Il mercato era la zona franca della città, in esso si mescolava tutto il peggio della baraonda che popolava quella brulicante e gigantesca fornace infernale. Gli odori si rincorrevano l’un l’altro, tentando di sopraffarsi come due galli da combattimento. L’odore della frutta marcia che veniva raccolta nei campi ad est delle mura aleggiava come una punta aromatica in mezzo alla puzza delle carni in putrefazione che marcivano a causa della corruzione, al lezzo della dell’aria fumosa e quello della speranza e della disperazione, che bruciavano come pergamena toccata dalla scintilla di una brace. In mezzo a questi marasma brulicante si vendeva di tutto ma in realtà non si comprava niente, per cui se si voleva qualcosa era necessario rubarla, ameno che non si avessero anni da scambiare, una trovata del governatore.

Originariamente, quando era stato fondato, il posto doveva fungere da via intermedia per quelli che non meritavano di stare di sopra, ma nemmeno di stare di sotto. Il punto era che prima o poi tutti impazzivano, respirando l’aria malsana densa di ceneri e vivendo di stenti, per cui, persa ogni traccia di umanità, o persino prima di questo fatidico momento, compivano un qualche reato che li conduceva alla deportazione. Dato che prima o poi tutti finivano per raggiungere i piani sotterranei, non c’era alcuna ragione di aspettare che combinassero qualche misfatto, era più semplice concedere a ognuno uno svariato numero di decenni da poter utilizzare come moneta per comparare merce al mercato. Una volta che il malcapitato avesse esaurito gli anni veniva portato di sotto. Questo tipo di conio era diventato più prezioso dell’oro, perché nonostante l’esistenza grama che si conduceva nella Città, era pur sempre meglio di quello che si pativa nei luoghi di deportazione, tanto più che quella trovata dei Guardiani sembrava più una presa in giro che una soluzione al sovraffollamento. Il cibo comprato non sfamava e i tessuti venduti erano dei miseri brandelli. Era più consueto ricorrere al baratto, sebbene fossero davvero pochi quelli che giungevano nella Città con qualche bene, per cui era ancora più consuetudine rubare.
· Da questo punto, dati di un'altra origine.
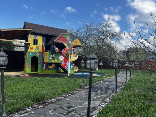 Дом расположен на участке 6 соток, правильной формы. Участок выравнен, посеян газон, стоянка для автомобилей. На участке есть солнечная полянка, которая идеально подходит для установки бассейна или детской площадки, зоны отдыха.

Questa zona franca sorgeva al centro della Città e agli estremi della pizza si innalzavano le sette arcate che conducevano ai sette quartieri in cui era suddivisa. I quartieri confinanti possedevano degli accessi secondari per passare dall’uno all’altro, esisteva inoltre una serie di gallerie sotterranee che collegava tutti e sette i quartieri. La via principale era denominata Cardo, ma che veniva più comunemente chiamata il Corridoio, perché collegava le porte della Città con la casa del governatore, situata nel quartiere dei Superbi.

Da un po’ di tempo cercavo di carpire qualche notizia sugli ultimi avvenimenti, senza risultato, quando la mia attenzione fu catturata da un alterco che si stava svolgendo poco più in là al banco della frutta.




Anticipazioni Capitolo 2: Un incontro
«Vuoi dire che sono costretto a stare in questo buco merdoso? Il buco del culo del mondo?».
«Forse non l’hai capito, ma non sei più nel mondo e sei spacciato, per l’eternità.».
L’uomo mi guardò stupefatto per qualche momento, con la bocca semi aperta, poi la richiuse. Si guardò di nuovo intorno. Case che cadevano a pezzi, gente che mendicava per la strada affamata e ingrigita, gli occhi spenti di chi non è quasi più umano e su tutto questo la cenere cadeva fitta attorno a noi, ammucchiandosi sulle nostre spalle e spruzzando di grigio i capelli dell’uomo.